__Material provided__.
===============

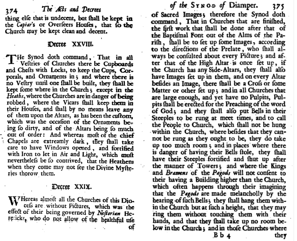 Whereas almost all the churches of this Diocese are without pictures, which was the effect of their being Nestorian Hereticks, who do not allow of the healthful use of Sacred Images; therefore the Synod doth command, That in Churches that are finished, the first work that shall be done after that of the Baptismal Font out of the Alms of the Parish, shall be to set up some images, according to the direction of the Prelate, who shall always be consulted about every picture; and after that of High Altar is once set up, if the Church has any Side-Altars, they shall also have images set up in them, and on every Altar besides an Image, there shall be a Cross or some matter or other set up; and in all Churches that are large enough, and yet have no Pulpits, Pulpits shall be erected for the preaching of the word of God; … (Geddes, 1694, pp. 374-375).
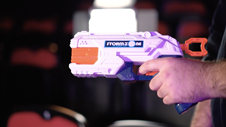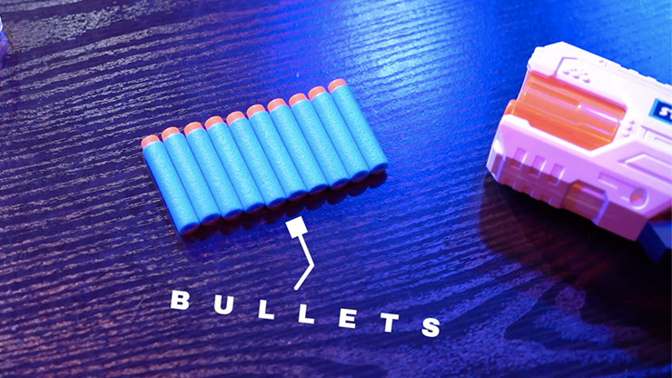 You introduce a Nerf gun and a foam bullet, which is signed by one of the spectators. Now, a second spectator introduces the signed bullet inside the Nerf Gun and he rolls the drum in order to lose the signed bullet.
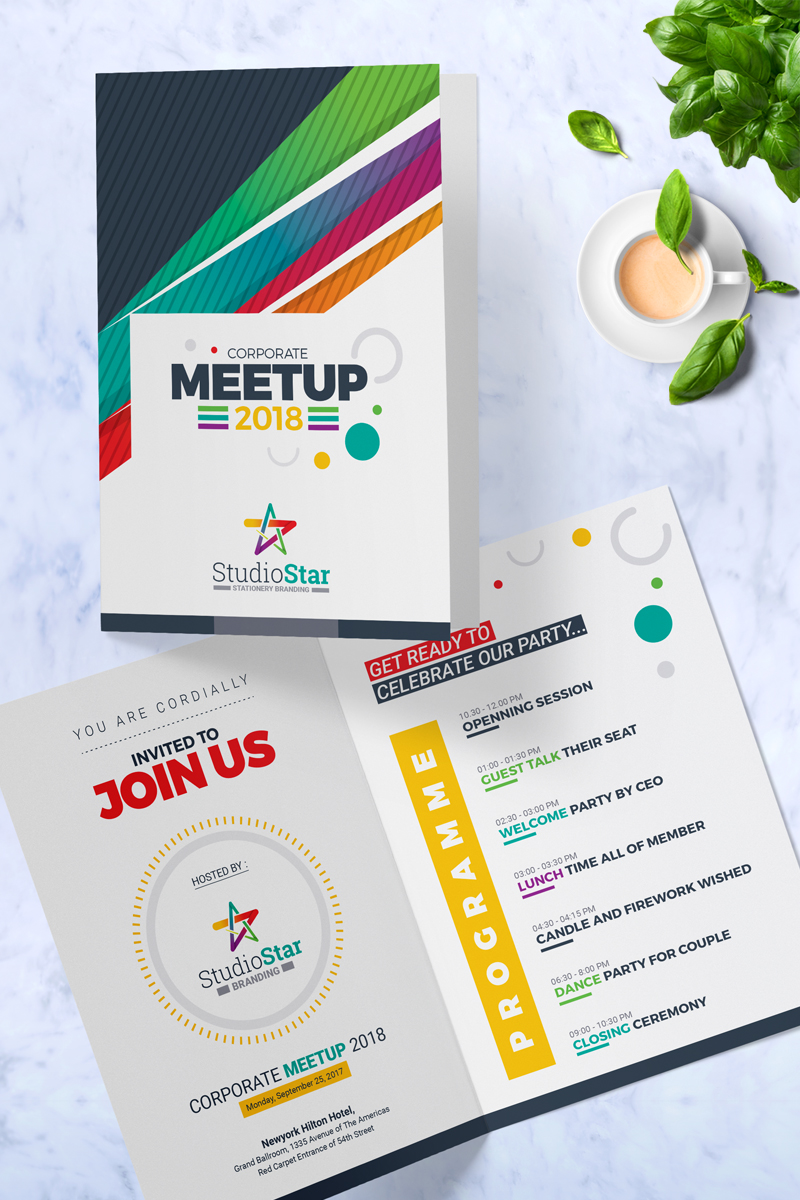 Download PSD шаблон "Corporate Meet-up Invitation Card Template PSD Template" / Corporate Meet-up Invitation Card Template PSD Template - PSD шаблон на тему дизайн студия corporate meetup 2018 watercolour invitation suite thank you card diy floral invite template save the date postcard reception party elegant

===============

__The task__. Write out the whole listing exactly as it appears, and omit the pictures.

__Result of this task__.
 Whereas almost all the churches of this Diocese are without pictures, which was the effect of their being Nestorian Hereticks, who do not allow of the healthful use of Sacred Images; therefore the Synod doth command, That in Churches that are finished, the first work that shall be done after that of the Baptismal Font out of the Alms of the Parish, shall be to set up some images, according to the direction of the Prelate, who shall always be consulted about every picture; and after that of High Altar is once set up, if the Church has any Side-Altars, they shall also have images set up in them, and on every Altar besides an Image, there shall be a Cross or some matter or other set up; and in all Churches that are large enough, and yet have no Pulpits, Pulpits shall be erected for the preaching of the word of God; … (Geddes, 1694, pp. 374-375).
 You introduce a Nerf gun and a foam bullet, which is signed by one of the spectators. Now, a second spectator introduces the signed bullet inside the Nerf Gun and he rolls the drum in order to lose the signed bullet.
 Download PSD шаблон "Corporate Meet-up Invitation Card Template PSD Template" / Corporate Meet-up Invitation Card Template PSD Template - PSD шаблон на тему дизайн студия corporate meetup 2018 watercolour invitation suite thank you card diy floral invite template save the date postcard reception party elegant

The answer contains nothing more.